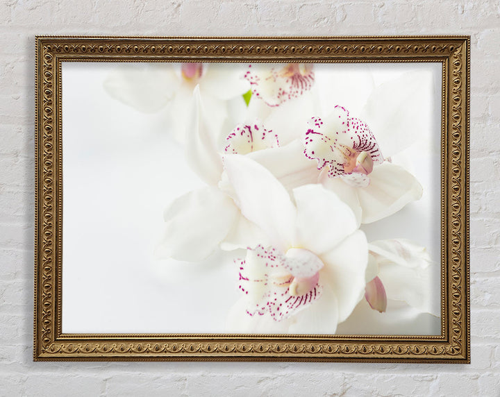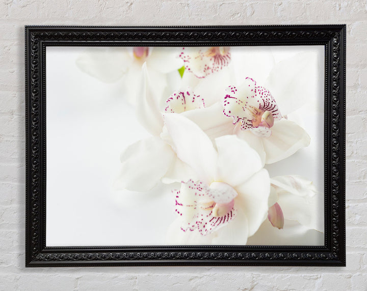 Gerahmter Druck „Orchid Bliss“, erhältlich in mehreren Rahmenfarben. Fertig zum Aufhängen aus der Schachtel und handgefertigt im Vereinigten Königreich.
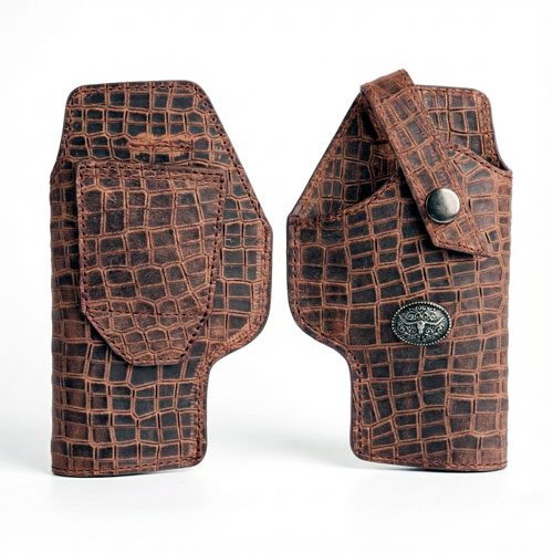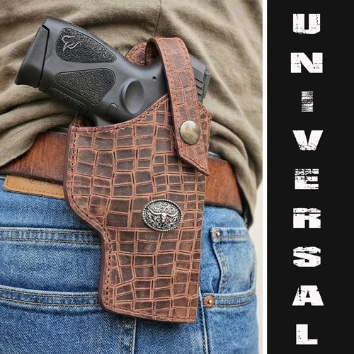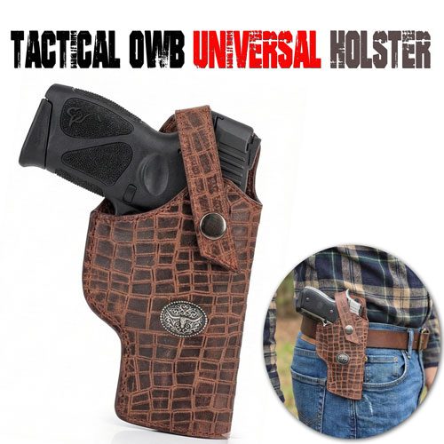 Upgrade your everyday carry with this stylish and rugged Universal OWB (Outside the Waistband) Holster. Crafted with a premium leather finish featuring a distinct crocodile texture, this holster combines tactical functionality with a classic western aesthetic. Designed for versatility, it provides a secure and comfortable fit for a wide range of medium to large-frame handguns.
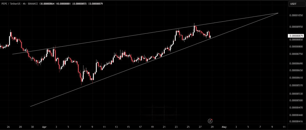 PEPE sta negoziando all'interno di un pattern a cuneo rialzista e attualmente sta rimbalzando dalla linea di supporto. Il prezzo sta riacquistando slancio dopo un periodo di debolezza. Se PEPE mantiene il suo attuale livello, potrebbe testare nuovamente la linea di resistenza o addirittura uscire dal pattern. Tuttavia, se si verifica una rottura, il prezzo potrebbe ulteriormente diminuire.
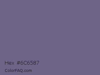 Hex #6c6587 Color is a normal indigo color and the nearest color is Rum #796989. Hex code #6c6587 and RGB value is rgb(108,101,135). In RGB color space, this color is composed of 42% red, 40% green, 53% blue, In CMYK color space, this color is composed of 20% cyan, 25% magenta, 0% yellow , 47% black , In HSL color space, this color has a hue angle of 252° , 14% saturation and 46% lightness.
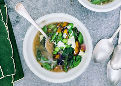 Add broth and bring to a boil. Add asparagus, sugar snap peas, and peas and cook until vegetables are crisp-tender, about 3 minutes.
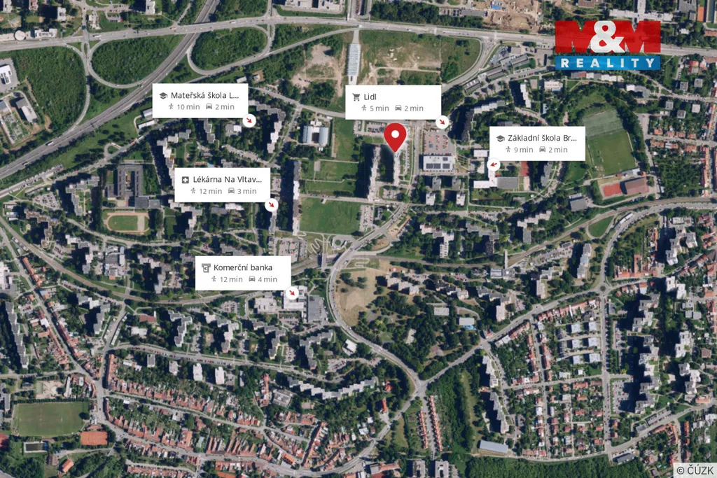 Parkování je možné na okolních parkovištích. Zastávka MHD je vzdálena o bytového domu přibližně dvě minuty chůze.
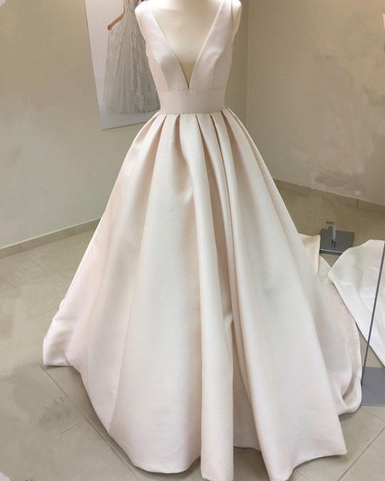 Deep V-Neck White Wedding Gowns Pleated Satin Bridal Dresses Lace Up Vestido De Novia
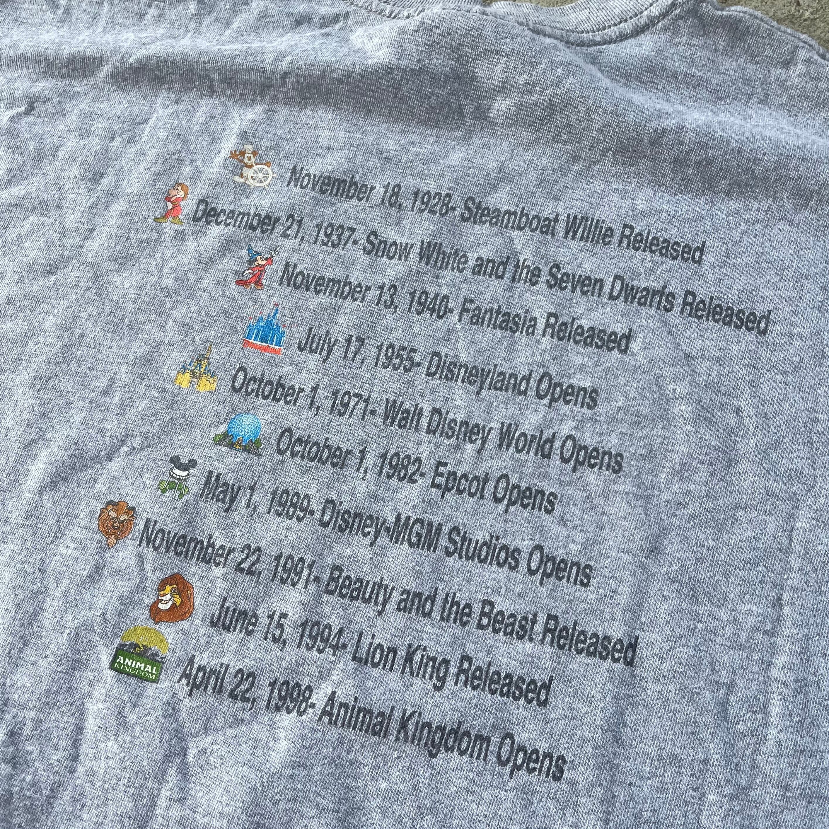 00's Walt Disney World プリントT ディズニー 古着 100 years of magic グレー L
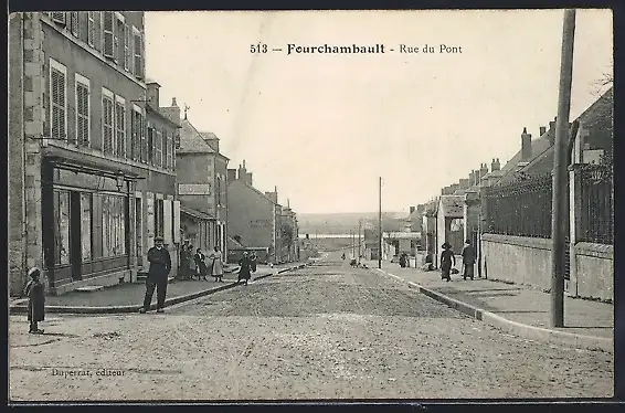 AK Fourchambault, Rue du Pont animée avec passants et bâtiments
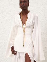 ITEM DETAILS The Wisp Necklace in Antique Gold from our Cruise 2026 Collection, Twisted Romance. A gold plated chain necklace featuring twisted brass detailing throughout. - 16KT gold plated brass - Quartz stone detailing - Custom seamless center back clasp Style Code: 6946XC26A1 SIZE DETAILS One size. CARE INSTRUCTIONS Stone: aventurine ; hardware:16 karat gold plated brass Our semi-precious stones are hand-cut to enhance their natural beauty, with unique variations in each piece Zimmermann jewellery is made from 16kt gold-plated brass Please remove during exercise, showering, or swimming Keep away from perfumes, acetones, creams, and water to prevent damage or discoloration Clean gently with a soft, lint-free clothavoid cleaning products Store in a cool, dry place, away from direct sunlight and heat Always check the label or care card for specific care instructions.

++++++++

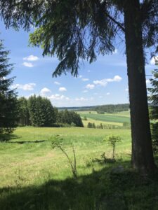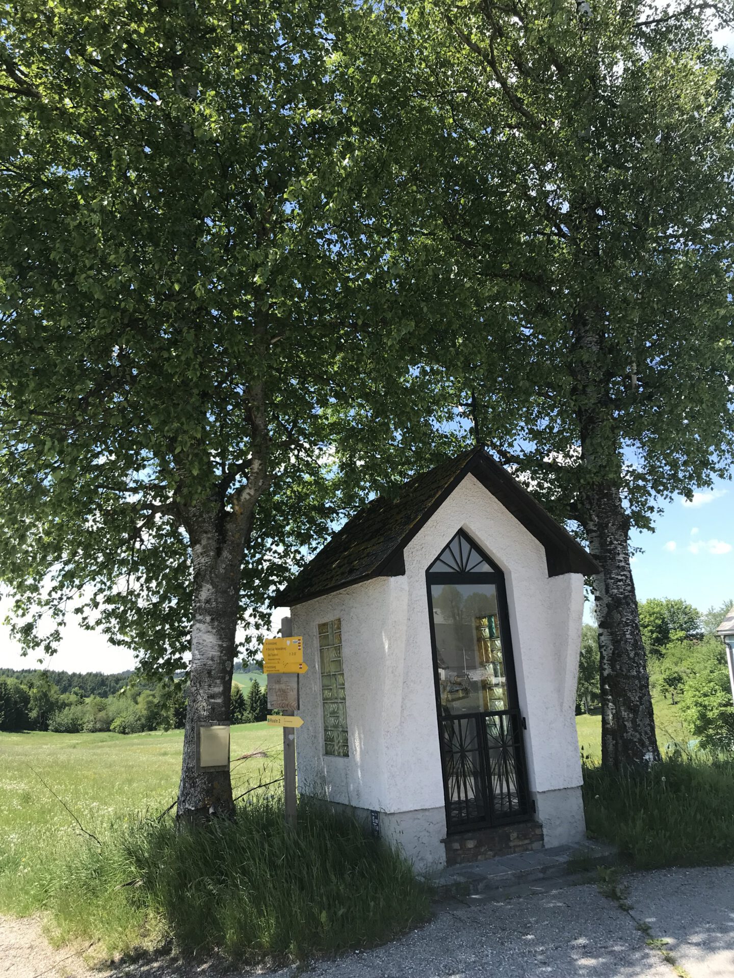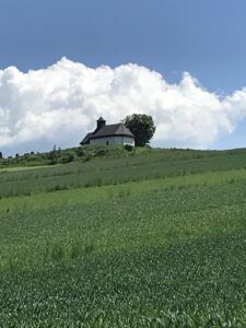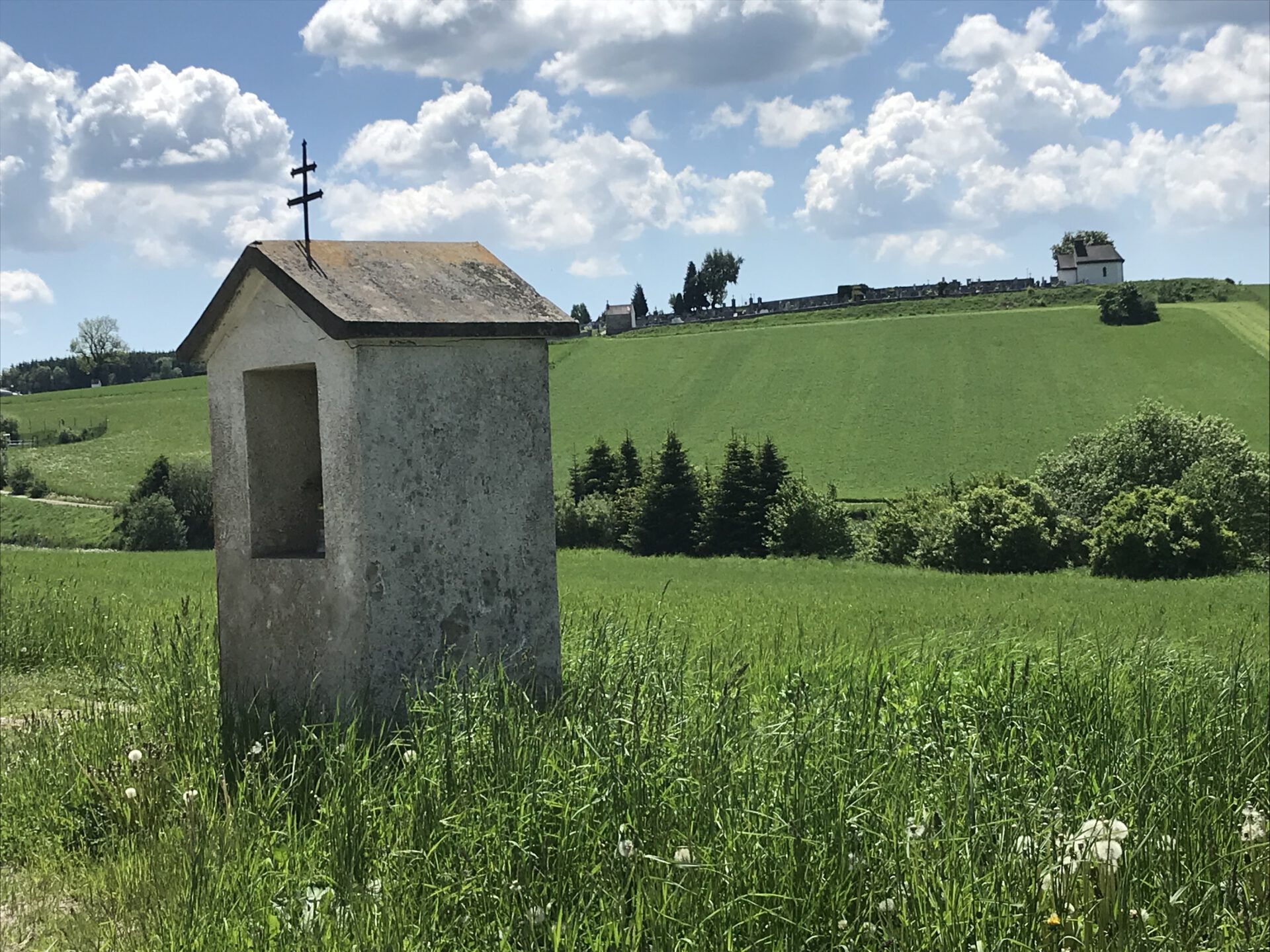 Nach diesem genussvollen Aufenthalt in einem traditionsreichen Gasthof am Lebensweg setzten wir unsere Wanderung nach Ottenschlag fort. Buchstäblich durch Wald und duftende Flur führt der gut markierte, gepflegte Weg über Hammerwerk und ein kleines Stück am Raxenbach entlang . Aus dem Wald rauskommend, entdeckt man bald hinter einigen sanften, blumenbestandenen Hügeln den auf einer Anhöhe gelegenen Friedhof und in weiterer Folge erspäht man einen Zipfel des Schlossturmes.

++++++++

## WORK INSTRUCTION
Above are the records. Copy only the lines from the one with "Deep V-Neck White" through the one with "AK Fourchambault, Rue", exactly, with no pictures.

## ANSWER
 Deep V-Neck White Wedding Gowns Pleated Satin Bridal Dresses Lace Up Vestido De Novia
 00's Walt Disney World プリントT ディズニー 古着 100 years of magic グレー L
 AK Fourchambault, Rue du Pont animée avec passants et bâtiments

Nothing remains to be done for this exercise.